Нартов разделся и смотрел в крохотное зеркало на синяки на своих плечах, набитые прикладами автомата, пулемета и винтовками.
Дима критично осмотрел Олега, и спросил:
– Ты что такой худой и бледный?
– Таким уродился… – пожал плечами Олег. Себя Олег никогда не считал худым и бледным, но на фоне физически очень хорошо развитых офицеров спецназа он смотрелся все же не ахти.
– Надо тобой заняться. Хоть и поздно уже.
Они подогрели на печке банку тушенки и съели с хлебом, запивая чаем. Ближе к десяти часам в блиндаж спустились остальные жители: Володя Мишин, Глеб Иванов, лейтенант Витя Данилов и три сержанта-контрактника из роты Иванова. В блиндаже стало тесно. Везде сушились развешанные портянки, носки, перчатки, штаны и куртки. Запахло человеческим потом и еще чем-то кислым.
Олега толкнул Мишин:
– Ну что, не трясет тебя больше?
– Из-за трупов? Пока нет.
– А чего же тебя так тошнило? – Олег уловил в голосе Володи нотки издевательства.
– Перепил вчера, вот и полезло…
– А штаны ты не намочил, а? – Мишин захохотал. Его поддержал Данилов.
– Прекрати! – повернулся к смеющимся Иванов. – Себя вспомни…
– Меня хоть не тошнило так… – оправдываясь, ответил Володя.
– Зато и слова сказать не мог. Мычал всё… а Олег говорил, и не терялся. – Иванов усмехнулся.
Олег молча слушал, как препираются ротный и командир группы.
– Да, но я сам тогда «духа» завалил, а он только смотрел на трупы.
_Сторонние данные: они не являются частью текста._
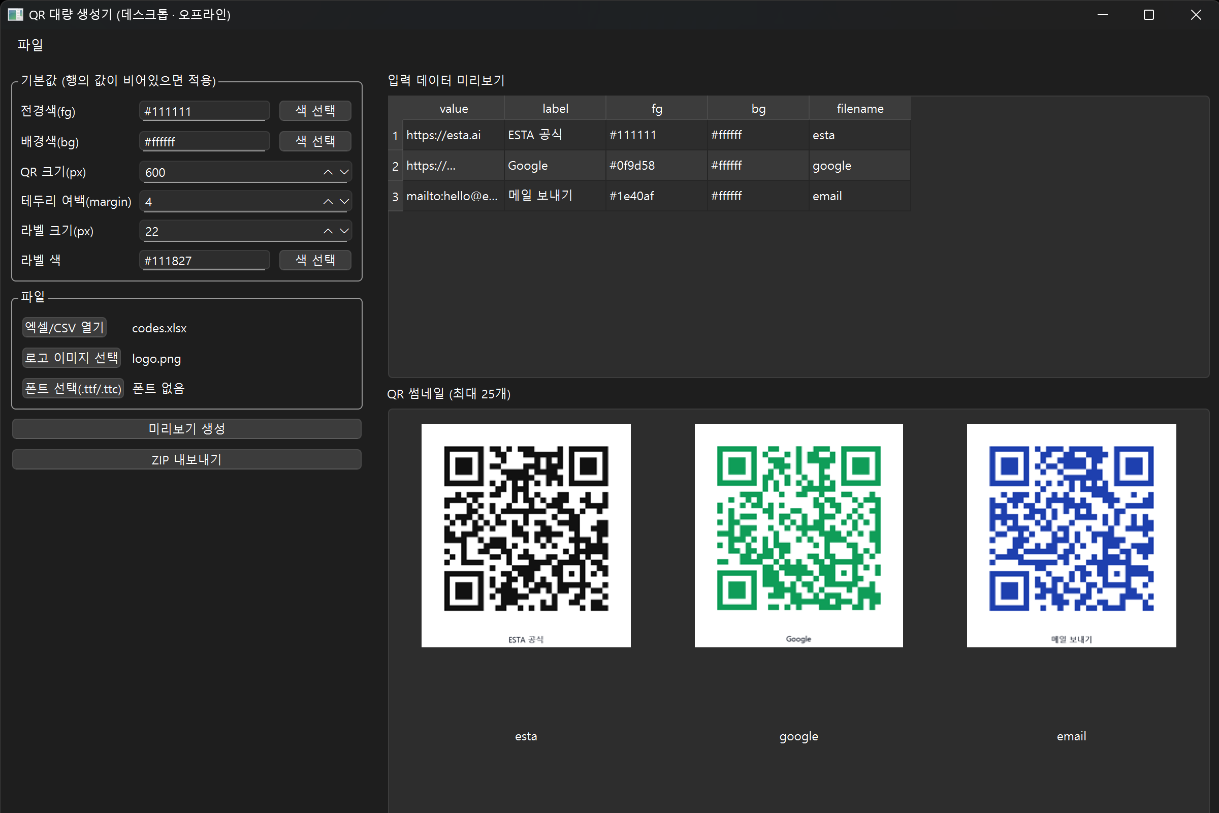 오프라인 QR 코드 대량 생성기

– Ага, только не забывай, что тебя четыре года специально этому учили, а он в спецназе человек случайный. Его удел работать головой, а не руками.
– Все равно.
– Хорош базарить! – наконец не выдержал Глеб. – Заткнись.
Мишин замолчал, но зло посмотрел на Олега. Нартову этот взгляд не предвещал ничего хорошего.
– Вот напьюсь и набью тебе рожу, – сказал вдруг Володя.
– За что? – спросил Олег.
– За то, что мне твоя рожа не нравится!
– Остынь! – повернулся капитан к Мишину. – Или я тебя сам остужу!
Олег подумал, что если сейчас не ответить достойно Мишину, то потом все так и будут относиться к нему с издевкой.